176. وأمْسِ خليّاً من حُظوظك واسمُ عن
حضيضِكَ واثُبتْ بعد ذلك تنُبتِ
Nefsânîyet çukurundan
sevgiliye ulaşma zirvesine çık. Bu hususta kararlı ve zorluklarına karşı
sabırlı ol. Tâ ki büyüyüp ve vücud ağacından birlik meyvesi bitsin.
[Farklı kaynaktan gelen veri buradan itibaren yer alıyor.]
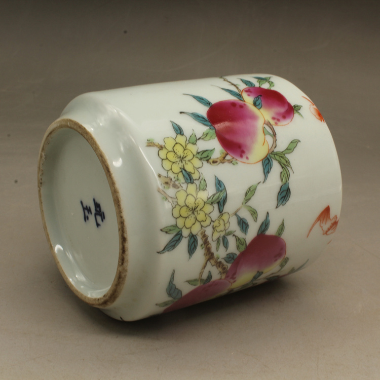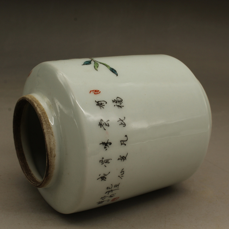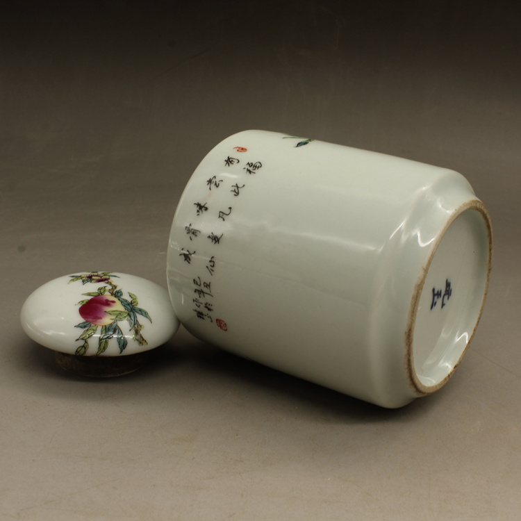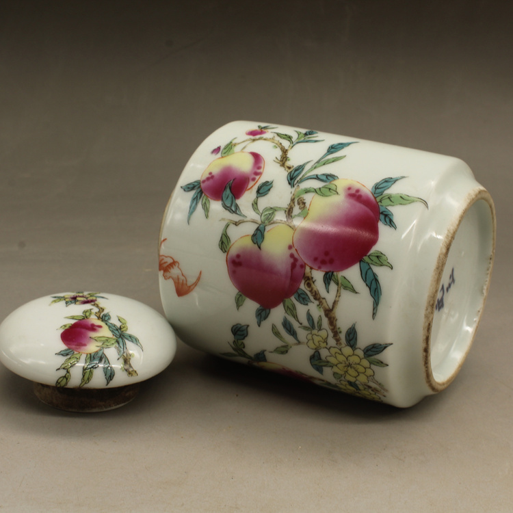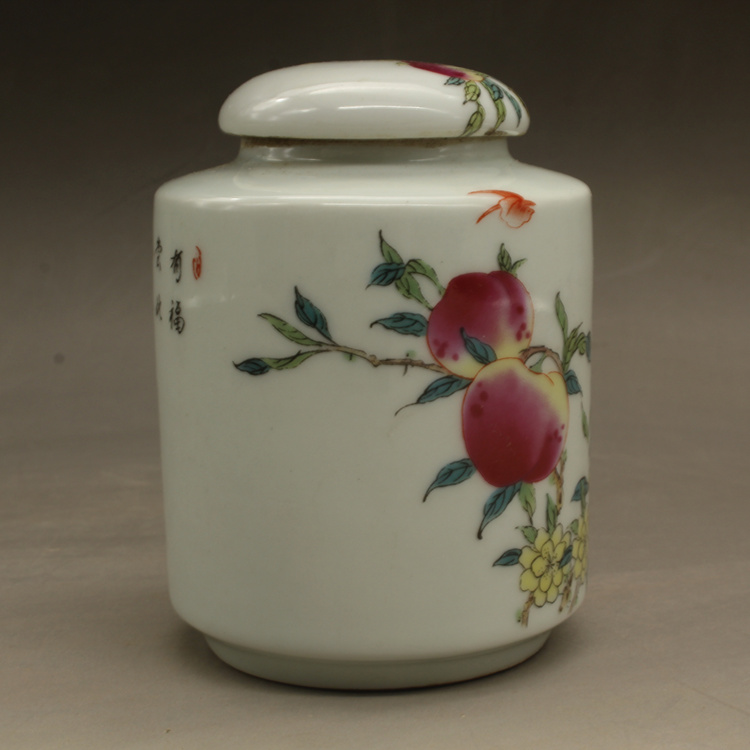 玩玉款粉彩壽桃紋小茶葉罐古玩古董瓷器仿古瓷擺件收藏1入

177. وسَدّدْ وقارِبْ واعتصِم واستقم لها
مُجيباً إليها عن إنَابَةِ
مُخْبِتِ
İşlerinde ve hallerinde
doğruyu ve doğruluğu benimse, huzur ve murakabeyle sevgiline yakın ol. Bu
doğruluk, yakınlık, i'tisam ve istikâmetin, sevgilinin dâvetine icabet ederek
olmalıdır ve [bu icabet alçalmış olan kimsenin dönüşünde daha ileri
bulunmalıdır.]
178. وعُد من قريب واستجب واجتنب غداً
أُشَمّرُ عن ساقِ اجتِهادٍ بنهضَةِ
Sevgilin dâvetine icâbet et
ve gecikmekten sakın ki yarın ben engel ve ilgilerden sâlim olan âni doğruluş
ve kuvvetimle gayret ve çalışma bacağının paçalarını sıvarım. Ve tevbe ve
inâyetimle Cenab-ı Hakk'a yönelirim.
179. وكن صارماً كالوقت فالمقتُ في عسى
وإيّاك عَلاّ فهْيَ أخطَرُ علّة
Her vakitte nefsin üzere
emirleri yerine getirmede kestirip atan kılıç gibi ol. Zîrâ عسى (keşke ne olurdu..) demede büyük buğuz/illet vardır. [hele
şimdi yiyip içelim, tevbe kapısı açıktır demekte şiddetli günah vardır.]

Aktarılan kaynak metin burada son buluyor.